Despite his best efforts, Draco failed at hoarding and ran out of chocolate frogs halfway through November. The point must have come across as the apogee of his bitter litany, because Fuji tilted his head gravely and said, "I'll show you a place where you can buy Pocky."
"I don't want Muggle chocolate," said Draco. The retort was all the more delectable to deliver because it was both childish and utterly untrue. Fuji only smiled.

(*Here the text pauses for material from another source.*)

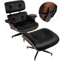 Klasyczny fotel i podnóżek ze sklejki orzechowej ze skóry PU w stylu Eames

"Actually it's a type of creme biscuit," he said.
*
Later Fuji would say: each stick of Pocky constitutes a kiss in potentia. See, you hold the pretzel end between your teeth, lips pressed demurely closed, casual like a cigarette. Don't look as if you know what you're doing. Stare out the window of the café if you can manage it. For fish to bite the bait must appear natural, unconscious. Tempting to just lean across the table—
*
Draco stared at the waist-high shelf running the length of the cramped Chinatown shop: chocolate, dark chocolate, mousse chocolate, chocolate with orange, milk, strawberry with or without bits in, coconut, banana, almond crunch, berry, pumpkin, butterscotch pudding...
"I like Royale Tea," Fuji said. "It's Earl Grey. Tastes just like the real thing."
"Earl Grey? You mean tea? Why would you eat a creme biscuit that tasted like tea? Why not take a cup of tea with the biscuit?"
"Because a cup of tea is the real thing. It doesn't have to taste like it."
Draco picked up one of the boxes and turned it over in his hand. It had a picture of a luscious strawberry-topped brownie on the front: just like a decoration cake on a stick, the scrap of English caption advertised.
A decoration cake?
"I knew a boy who liked strawberry Pocky," said Fuji. "He was a tennis player." He paused. "Probably still is," he added.
Draco chose the Gâteau Mont-Blanc flavour.